The fundamental fact that underlies homology is that the boundary of a boundary is zero. This can be easily checked on simplices, so it must hold for any chain. For example, each edge in the boundary of the boundary of a tetrahedron occurs exactly twice, on two adjacent triangular faces, giving coefficient 0 mod 2.

This means in particular that the space consisting of all the boundaries of some $(k+1)$-chain is a subspace of all the $k$-chains with boundary zero. This lets us define the $k$-th homology vector space $H_k^{\epsilon}(X)$ as a quotient space: in $C_k^{\epsilon}(X)$ take the vector subspace consisting of all $k$-chains with boundary 0, and divide by the subspace made up of all the boundaries of some $(k+1)$-chain. So in the quotient we identify two $k$-cycles if their sum is the boundary of a $(k+1)$-chain; in particular, if a cycle itself is a boundary, it gets identified to 0. Roughly speaking, $H_k^{\epsilon}(X)$ keeps track of the $k$-cycles in $X^{\epsilon}$ which are not boundaries of anything.

In this rough sense, $H_1^{\epsilon}(X)$ records polygons with no interior—”holes,” as the authors call them. $H_2^{\epsilon}(X)$ records empty polyhedral surfaces, or “voids”. Meanwhile, $H_0^{\epsilon}(X)$ records pairs of points that lie in different connected components of $X^{\epsilon}$.
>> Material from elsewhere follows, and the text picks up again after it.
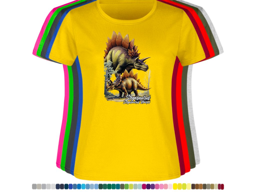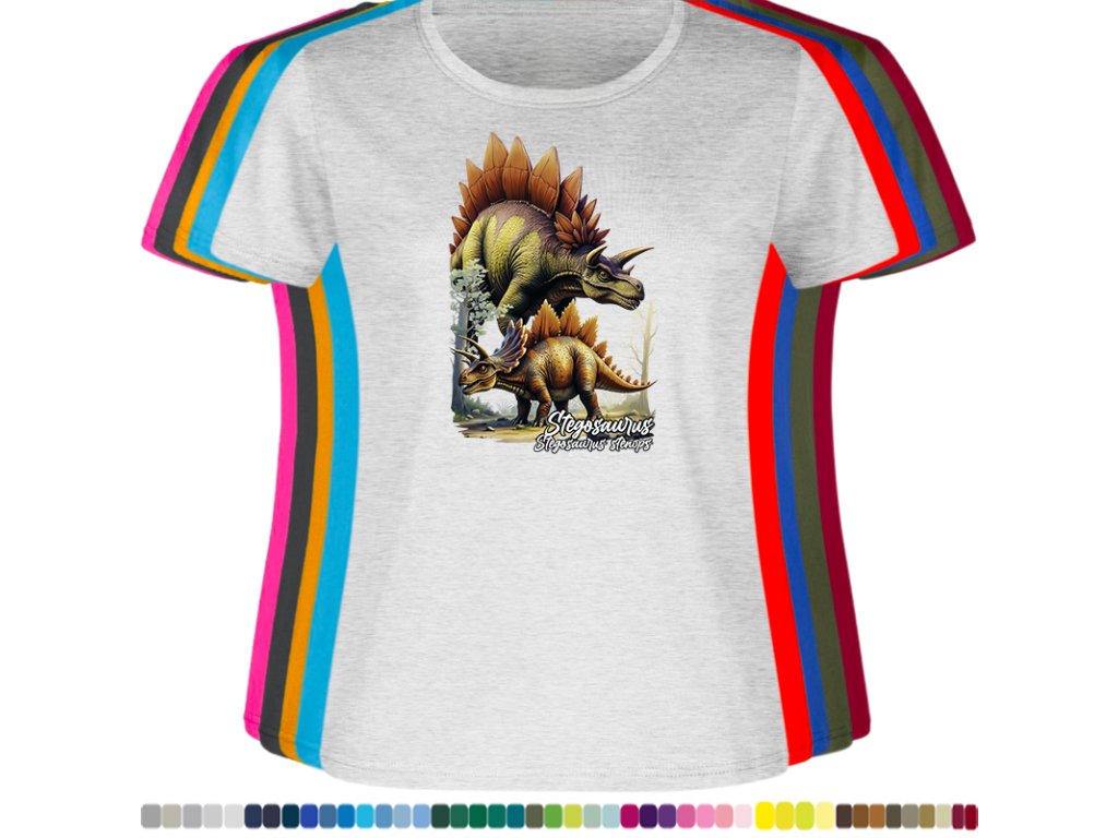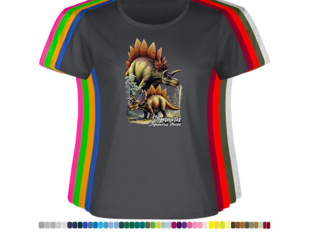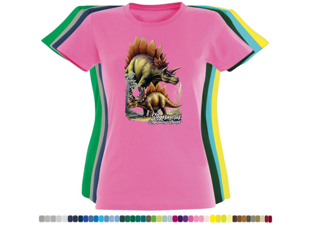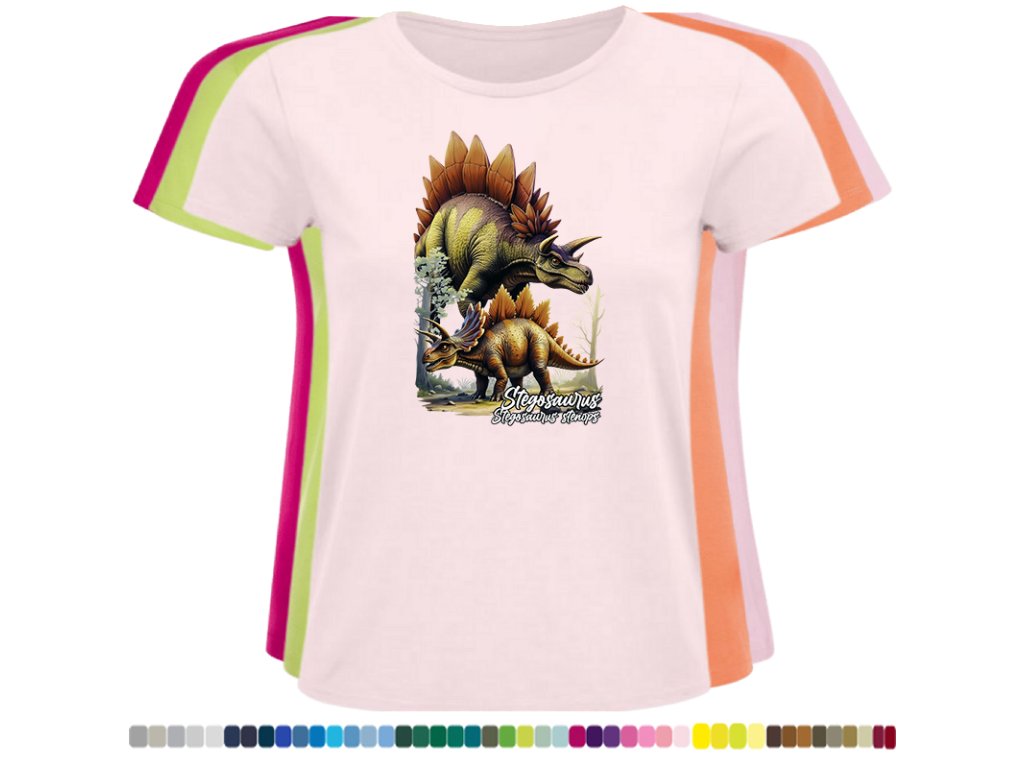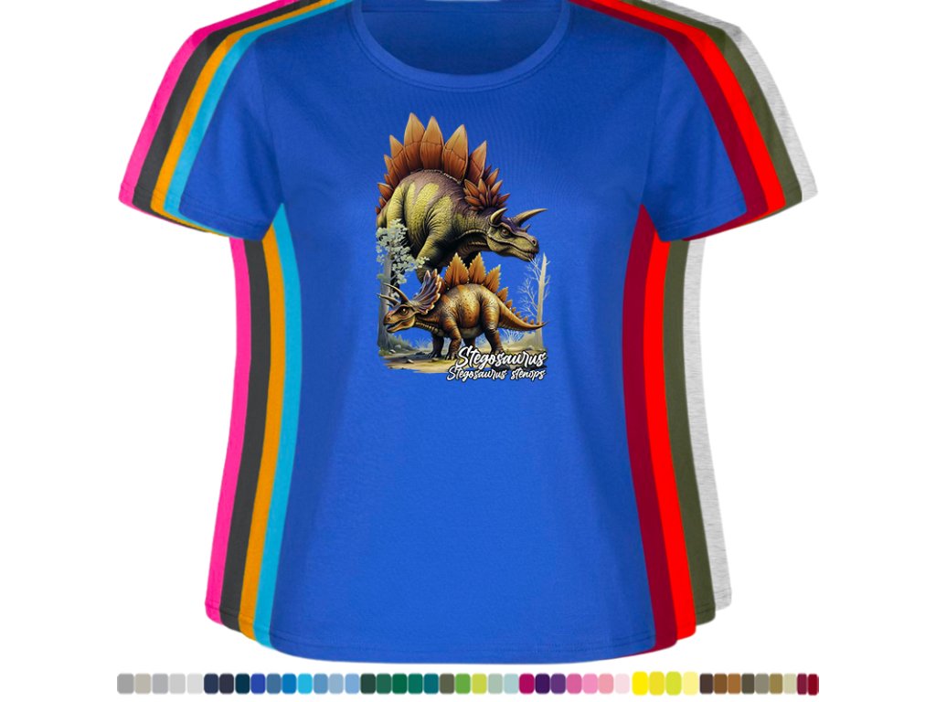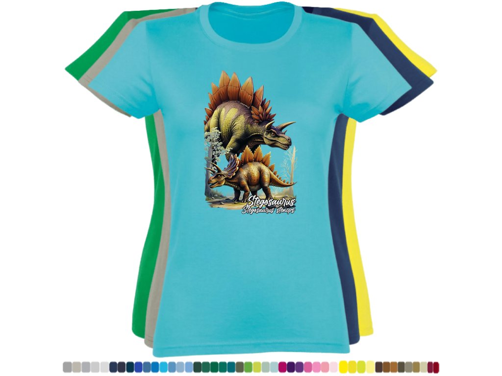 Dámské levné bavlněné tričko s digitálním potiskem Stegosaurus - dino atlas

Persistence appears as a phenomenon when we vary $\epsilon$. Suppose two points $1$ and $2$ are at distance $\delta$ which is greater than our chosen parameter $\epsilon$. Then the chain $\langle 1\rangle$ + $\langle 2\rangle$ in $C_0^{\epsilon}(X)$ is a 0-cycle which is not a boundary, and so represents a 0-dimensional homology class in $H_0^{\epsilon}(X)$. But if we increase $\epsilon$ until it is larger than the distance $\delta$, the chain $\langle 1\rangle$ + $\langle 2\rangle$ becomes the boundary of the 1-simplex $\langle 12\rangle$. That is, its homology class is now zero. The original class has not persisted. Here is a more elaborate example.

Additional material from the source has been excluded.